Shadows in the Silence
Page 22
“No story here,” he grumbled, his face reddening. “You should leave. There is nothing here to find for you children.”
“I’m sorry,” I told him. “I didn’t mean to upset you. We’re only interested in—”
“No,” he said, his tone firm and harsh, and he leaned over the counter and got right in my face. “You will find nothing here.”
Will launched himself to his feet and he slammed his hand on the counter, warning the man to back off. “That’s close enough,” he growled.
“Thanks, anyway,” I said to the bartender and dropped off my chair. “Let’s go.”
As we hurried out the door and down the street, Will leaned close to my ear, and said, “We’re being followed.”
I turned to see that one of the men from inside the pub now stood in the narrow street, head bowed and hands stuffed into his pockets. I felt no threat from this man, but he was clearly nervous and that made the reapers nervous in return.

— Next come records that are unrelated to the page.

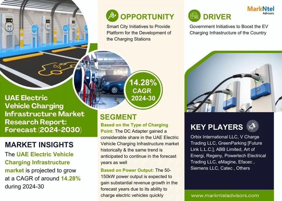 MarkNtel Advisors, a leading market research and consulting firm, has announced the release of its latest study titled UAE Electric Vehicle Charging Infrastructure Market Research Report: Forecast (2024–2030). This report provides a detailed assessment of the UAE Electric Vehicle Charging Infrastructure, covering its evolving dynamics, emerging trends, key growth drivers, major challenges, and competitive landscape.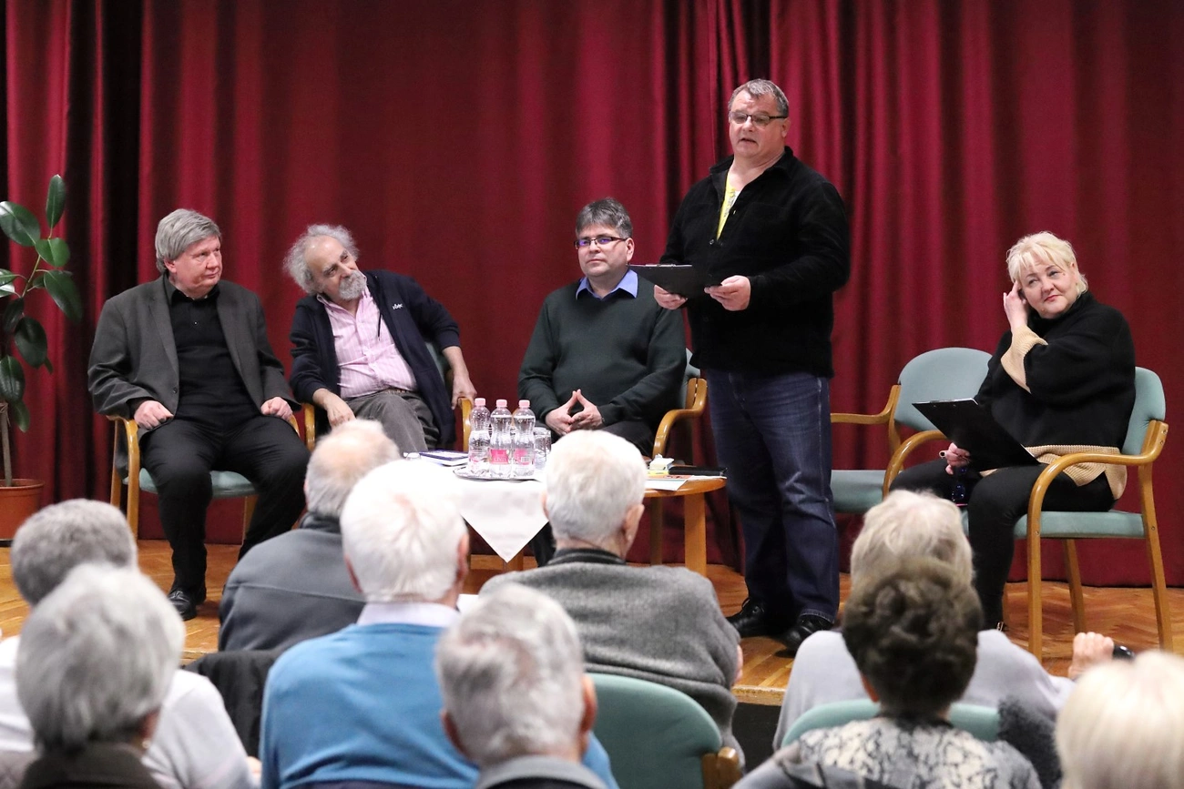 Az auktori bonmot-k között a jókora vicckötegből szemezgető Petri Nóra és Balázs István, illetve a moderátor, Brézai Zoltán igyekezett a megjelent rekeszizmokat kellő hőfokon tartani.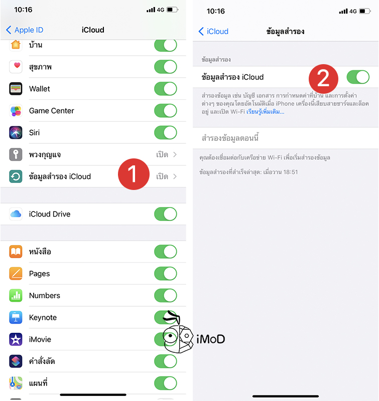 ไปที่ ข้อมูลสำรอง iCloud (iCloud Backup) > เปิด ข้อมูลสำรอง iCloud (iCloud Backup)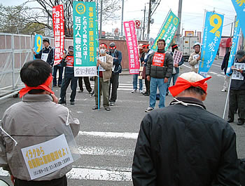 11月26日、東海3県の「とめよう戦争への道!百万人署名運動」主催の小牧基地申し入れ行動を行いました。地元を中心に東京、関西からも代表が参加し、総勢35人が「イラクから航空自衛隊は撤退せよ」「小牧基地への空中給油機の配備を許すな」の訴えを全力で行いました。(写真)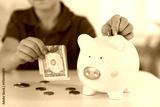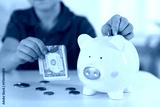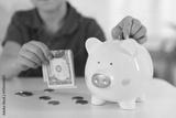 Little boy putting pocket money into piggy bank at white table indoors, closeup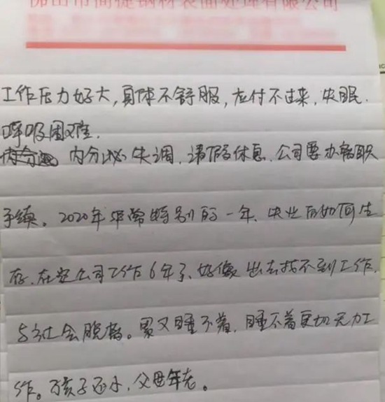 死者留下了一张纸条,写到:自己工作压力好大,身体不舒服想请假休息,公司要办离职手续。在这里工作6年了,与社会脱轨,今年又是特殊的一年,如果失业更找不到工作。每天失眠睡不好,更加无力工作。孩子还小,父母年老。

“American girl,” he called in a hushed voice also thick with a Flemish accent. “You look for legends?”
“Yes,” I said. “Do you know of any creatures like the one we’re looking for?”
“I do.” His eyes were huge in the dark. “But you will think I’m crazy. They all think I’m crazy.”
I smiled. “Try me.”
“You know Kasteel van Mesen?” he asked, low and guarded. He glanced over his shoulder once.
It took him mentioning the abandoned castle for me to remember it. “Yes, I’ve heard of it.”
“The devil of Kasteel van Mesen,” the man continued. “Black wings and glowing eyes…. The others think I’m crazy, but I’m not. They think the story is bad for business.”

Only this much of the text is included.